I didn’t question it at the time, but reading back through the transcript, I went back for a follow-up. “Hey, but that’s not what Wikipedia says!” I told him, something serious journalists are always saying, “The internet says you graduated from Bournemouth Arts College!”

Wright clarified that “arts college is different,” and went on to explain his dubious status as “notable alumni.”

In 1992 I applied for the prestigious Film and Television Higher Diploma at Bournemouth and Poole College of Art & Design. They said that at 18 I was too young to be a director and to do the National Diploma in Audio Visual Design instead. So I did that and spent two years making shorts and learning how to edit (and getting very drunk at student discos). Two years later I reapplied, and they said I was still too young to be a director and to come back in five years.

I didn’t come back.
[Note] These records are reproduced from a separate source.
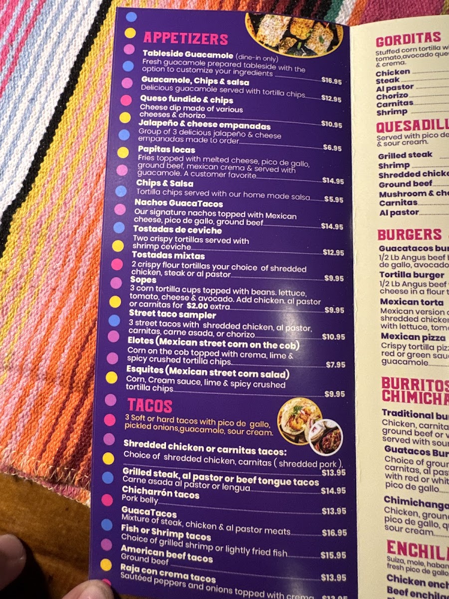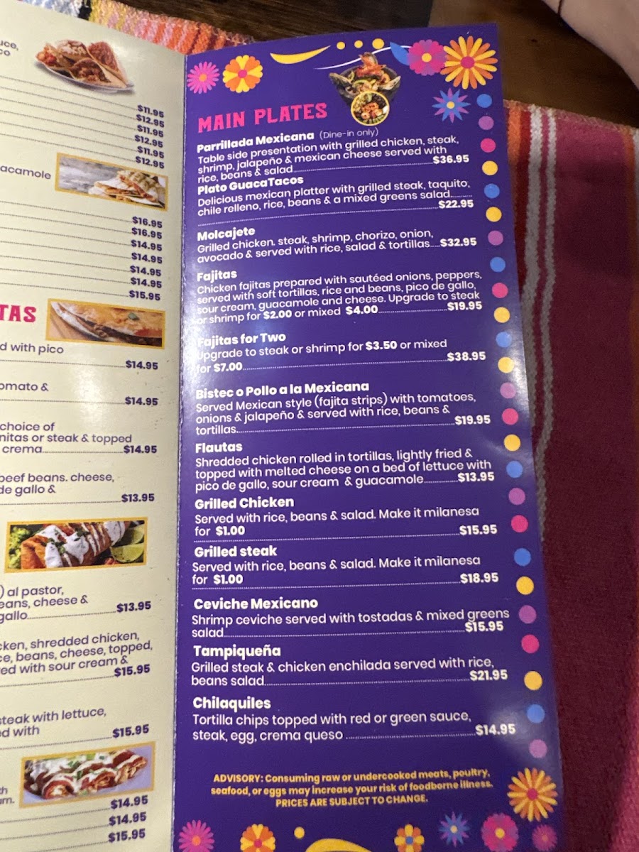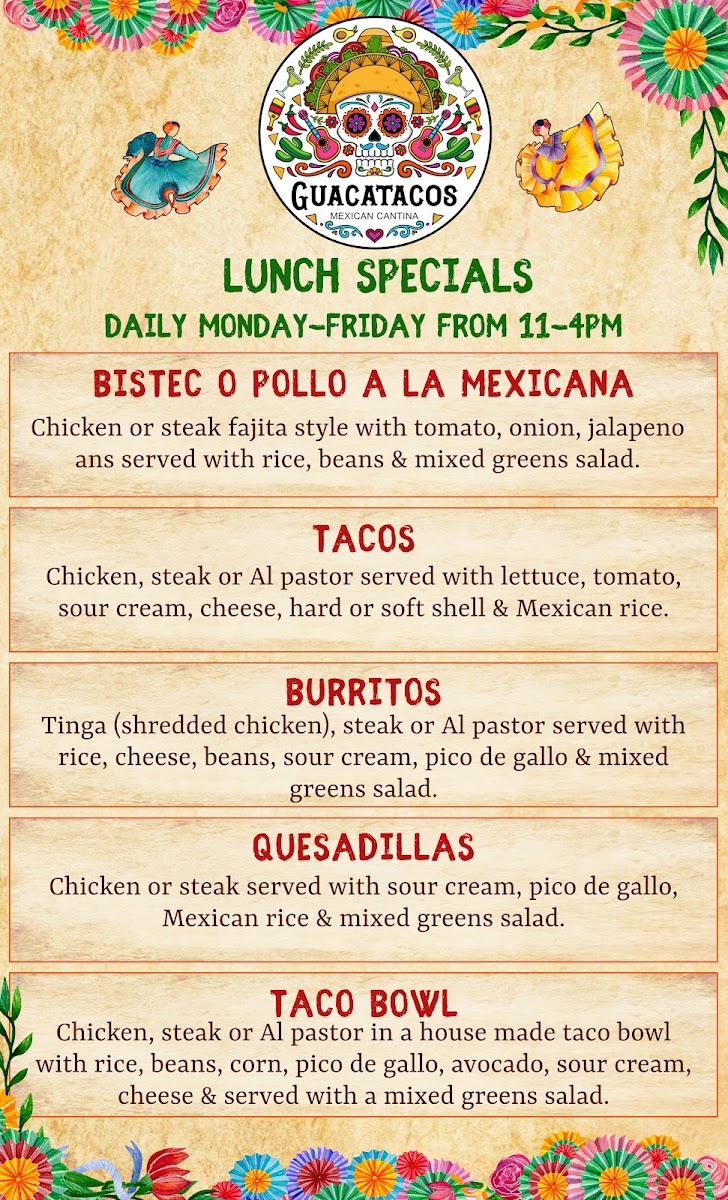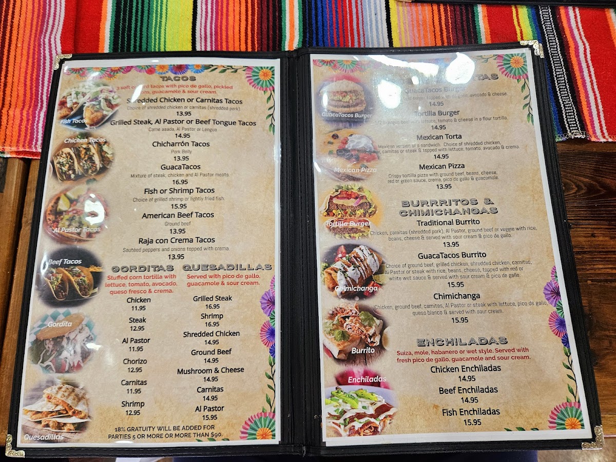 Suiza, mole, habanero or wet style. Served with fresh pico de gallo, guacamole and sour cream.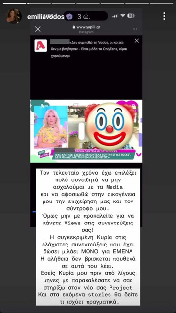 «Η συγκεκριμένη Κυρία στις ελάχιστες συνεντεύξεις που έχει δώσει, μιλάει ΜΟΝΟ για ΕΜΕΝΑ. Πριν λίγους μήνες με παρακαλούσε να τη στηρίξω. Εσείς, Κυρία μου, ψάχνετε φως μέσω εμού», έγραψε χαρακτηριστικά στα stories της.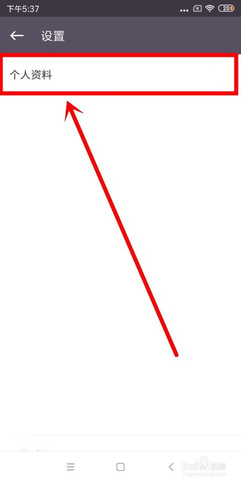 进入到设置这个页面中之后,在该页面中我们找到小我资料这个选项,点击进入。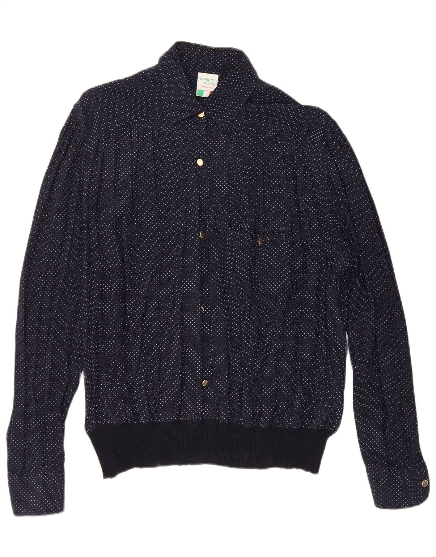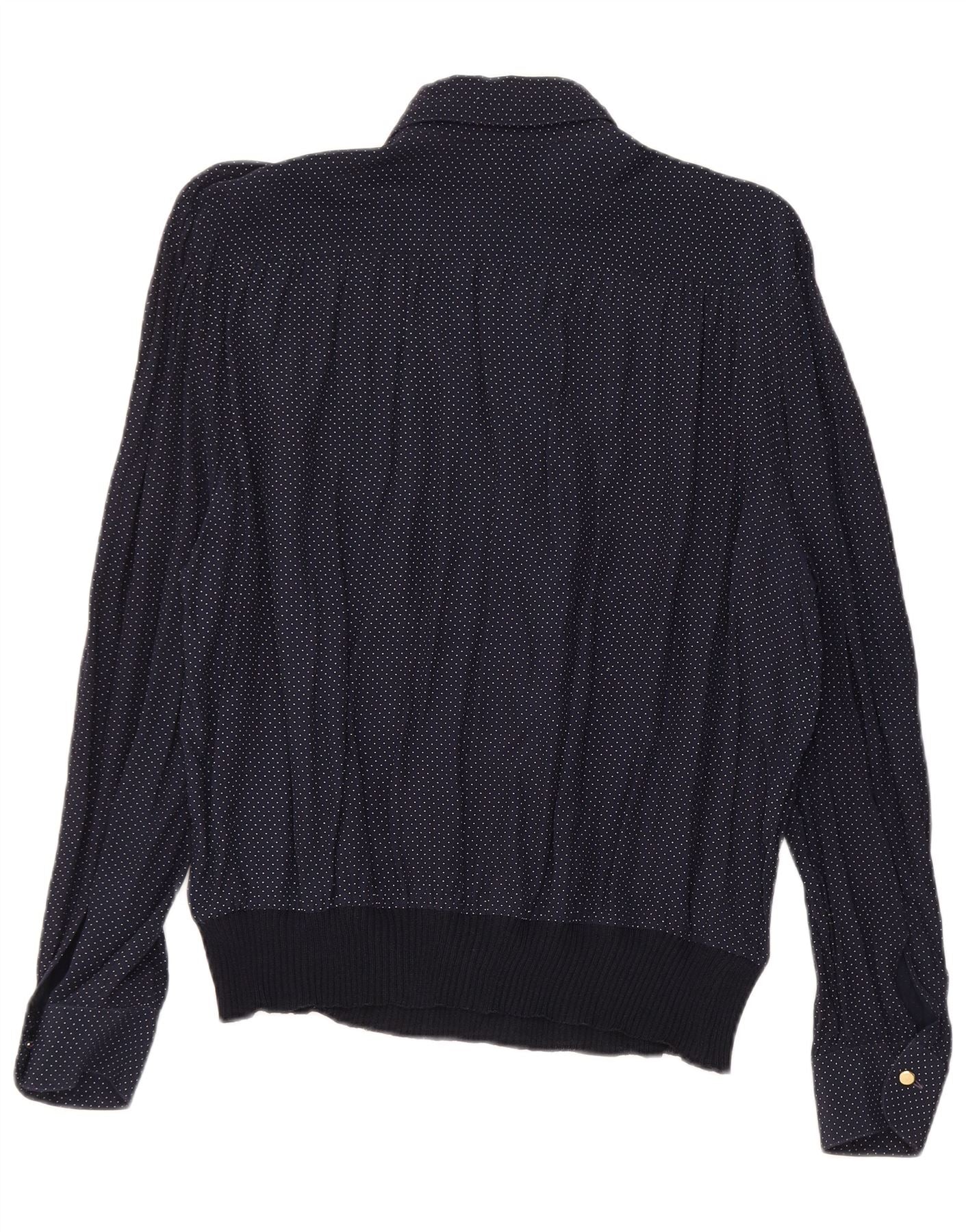VINTAGE Womens Shirt Blouse UK 16 Large Navy Blue Spotted Viscose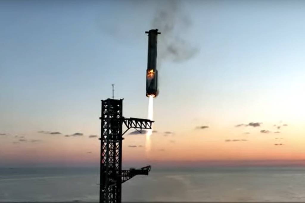 Em uma janela magra de apenas 30 minutos, a SpaceX conseguiu neste domingo (13) realizar mais um lançamento de seu superfoguete Starship —o quinto da série— e, pela primeira vez, recuperou o primeiro estágio num inédito pouso na própria plataforma de lançamento, em Starbase, instalação da companhia americana em Boca Chica, no Texas.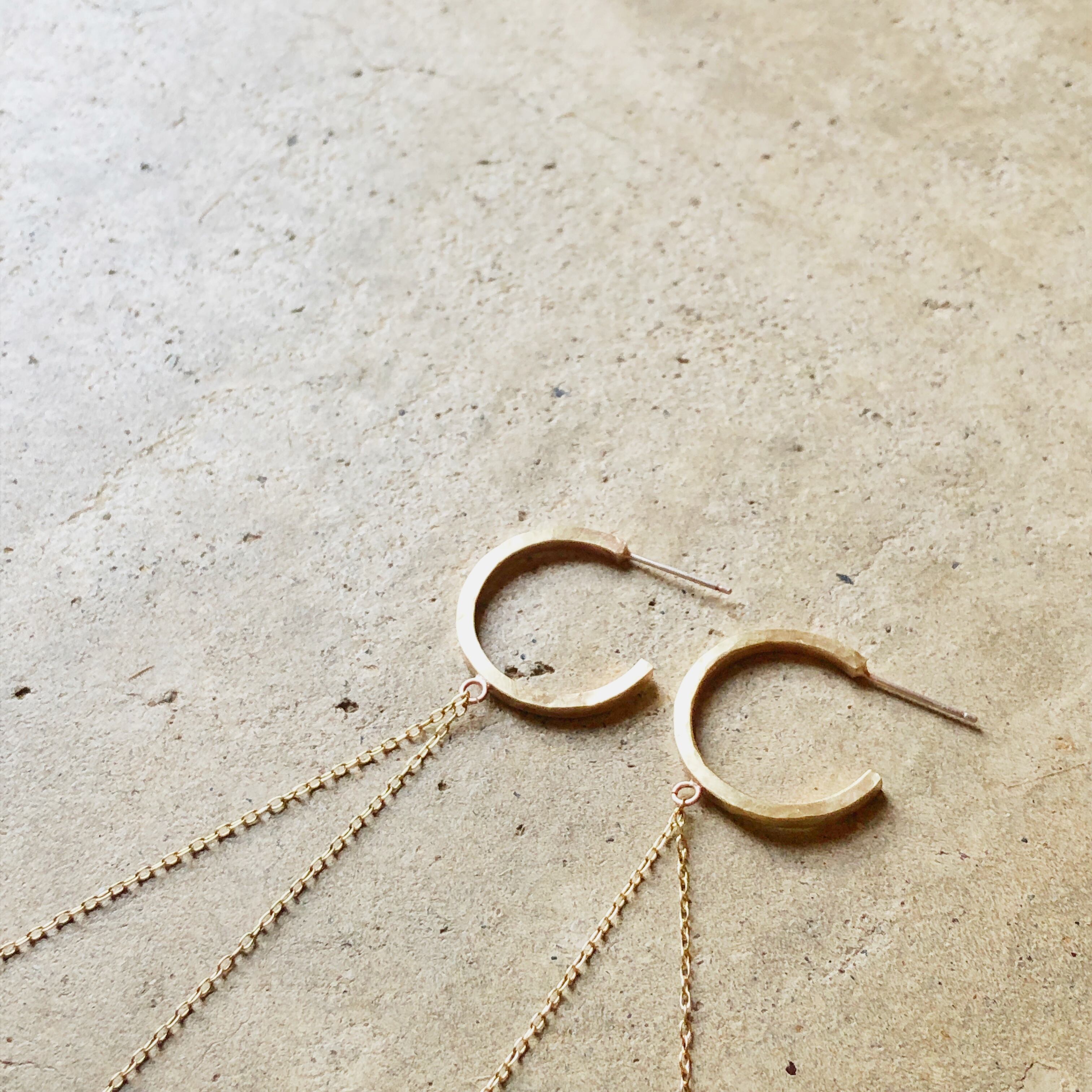 シンプルなデザインのピアスなので、どんなスタイルにも合わせやすく、長めの細チェーンが耳元で揺れるとちょっとセクシーさもある?(o^^o)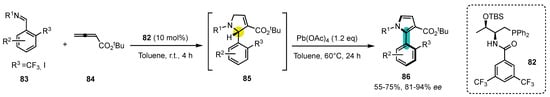 - Xiang Alvin Tan, C.; Li, R.; Zhang, F.; Dai, L.; Ullah, N.; Lu, Y. Synthesis of Axially Chiral CF3-Substituted 2-Arylpyrroles by Sequential Phosphine-Catalyzed Asymmetric [3+2] Annulation and Oxidative Central-to-Axial Chirality Transfer. Angew. Chem. Int. Ed. 2022, 61, e202209494. [Google Scholar] [CrossRef] [PubMed]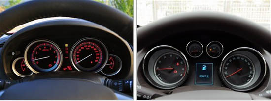 睿翼轎跑(左圖)的自發(fā)光儀表盤采用紅色背光,新君威(右圖)的儀表盤則采用冰川藍(lán)背光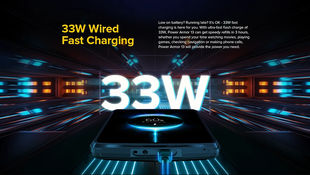 Low on battery? Running late? It’s OK - 33W fast charging is here for you. With ultra-fast flash charge of 33W, Power Armor 13 can get speedy refills in 3 hours, whether you spend your time watching movies, playing games, checking navigation or making phone calls, Power Armor 13 will provide the power you need.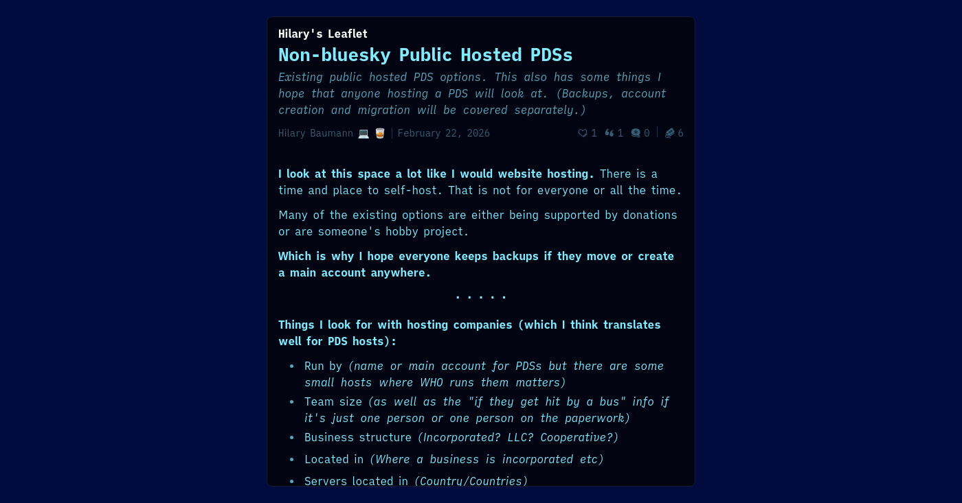 List yourself here if you run a PDS that is generally open for anyone to use, or otherwise make a note like “for me and my friends”, “for ATProto testing”, etc

Five years later I was making Spaced with Simon and Jessica.

However the twist in the tale is the BPCAD (now called the Arts Institute Of Bournemouth) have cunningly included me in the alumni of a course I was twice rejected for. Which is outrageous.

I thought about asking them to take it down, but decided to live with the smug satisfaction that they wanted to put me on there alumni list even though they roundly rejected me.

True.

I can relate to this, because my University also considers me a notable alum. They even sent my name to a collections agency!